Si eres parte de ese grupo, si en otro momento de la vida quisieras ser dueña o dueño de tu vivienda o si sólo tienes interés en el mercado inmobiliario, aquí te dejamos cuatro consejos para que el sueño de la casa propia, además de hacerse realidad, no sea motivo de insomnio:  

1️⃣ Identifica todas las entidades que otorgan créditos hipotecarios. Ojo: aun cuando lo común es pensar en un banco, existen cajas de compensación, cooperativas y mutuarias que financian este tipo de proyectos.  

A mayor oferta, puedes encontrar opciones más convenientes para lo que buscas y más adaptadas a tu bolsillo.  

2️⃣ Evalúa las diferentes alternativas de financiamiento y las condiciones que ofrece cada una de las entidades financieras con las que podrías tener el crédito hipotecario.   

Las variables que nunca puedes perder de vista son: la tasa de interés (mixta o fija); el costo total (valor final del crédito, incluyendo intereses); los gastos operacionales (cuánto cobra la institución por dar el crédito), y el plazo máximo de años a los que la institución otorga el crédito (algunas lo hacen hasta por treinta años, mientras que otras lo hacen por menos).  

¡Son muchas variables! Un consejo experto es comparar el CAE, que es la tasa efectiva que uno termina pagando, incluyendo todos estos aspectos. Un crédito con menor CAE va a tener menor costo para ti. 

3️⃣ Organízate para, ahorrar todo lo posible de manera tal que puedas aportar un pie alto.  

Ya tienes una meta clara (¡la casa propia!). A eso, se sugiere definir un plazo estimado en el que esperas comprar la vivienda, de forma que presupuestes con un horizonte de tiempo.  

Ojo: las instituciones financieras, para conceder un crédito hipotecario, piden un aporte mínimo por parte de quien lo solicita, fluctuar entre el 10 y el 30 por ciento del costo total de la vivienda.  

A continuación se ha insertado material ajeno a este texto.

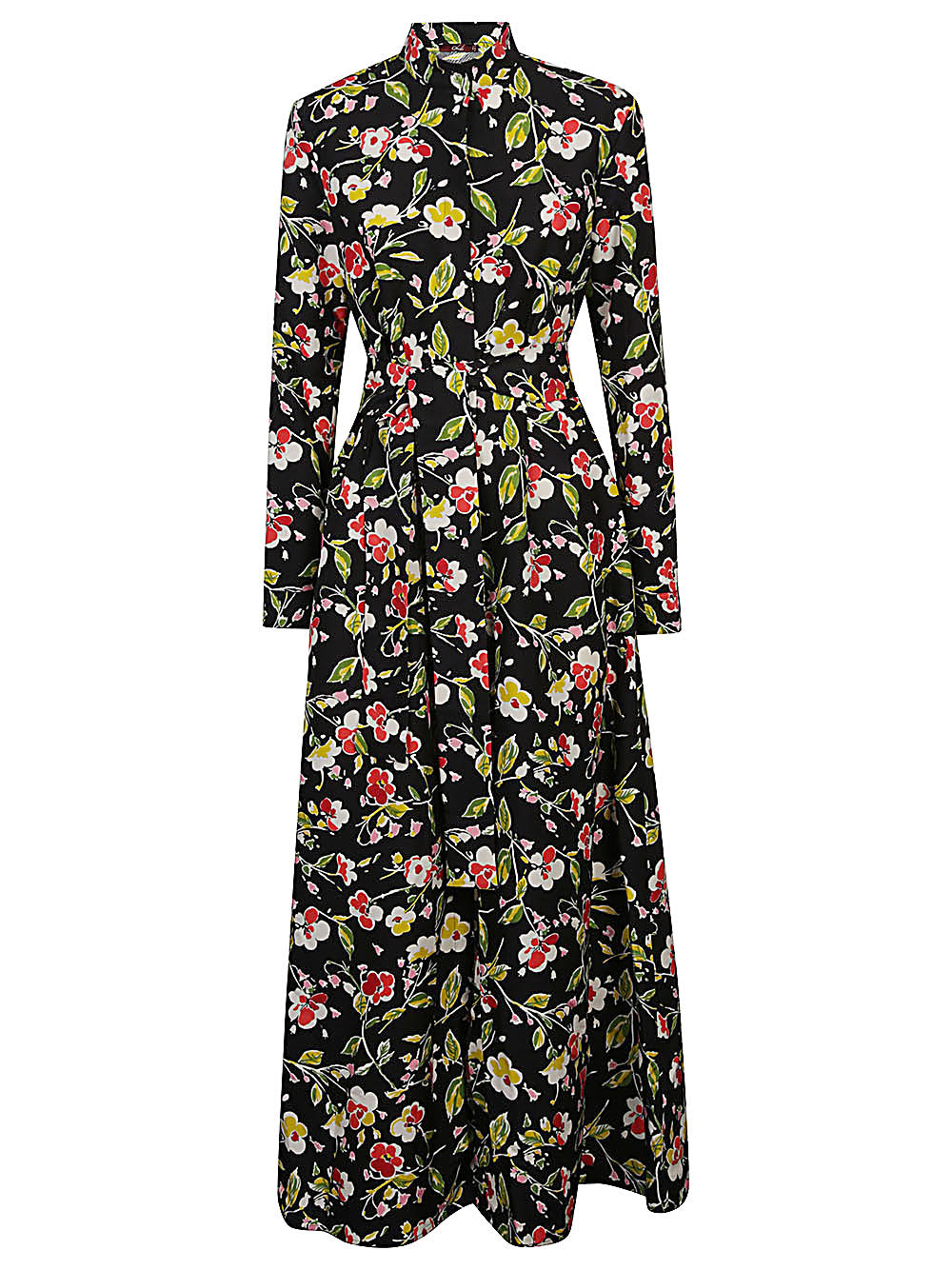 Long dress with floral graphics, front button closure, V-neck and removable waist belt.

Expertos coinciden en que reunir más dinero para una cuota inicial mayor es clave, pues el préstamo por parte de la entidad será menor y, por lo mismo, la deuda contraída también.  

Adicionalmente hay que tener en cuenta que, en general, las instituciones financieras buscan que la cuota del crédito sea no más del orden del 30% de tus ingresos.  

4️⃣ Es fundamental que, entre los ítems de ahorro para la compra de vivienda, incorpores una fracción de ese dinero destinado a arreglos, remodelación e imprevistos.  

Lo ideal, claro, sería comprar un inmueble que no requiera cambio alguno. Sin embargo, es muy probable que, ya sea por gusto o por motivos estructurales, debas hacer alguna modificación.  

Eso vale y hay que disponer de un presupuesto -mayor o menor, eso depende de cada caso- para llevar adelante aquellos cambios.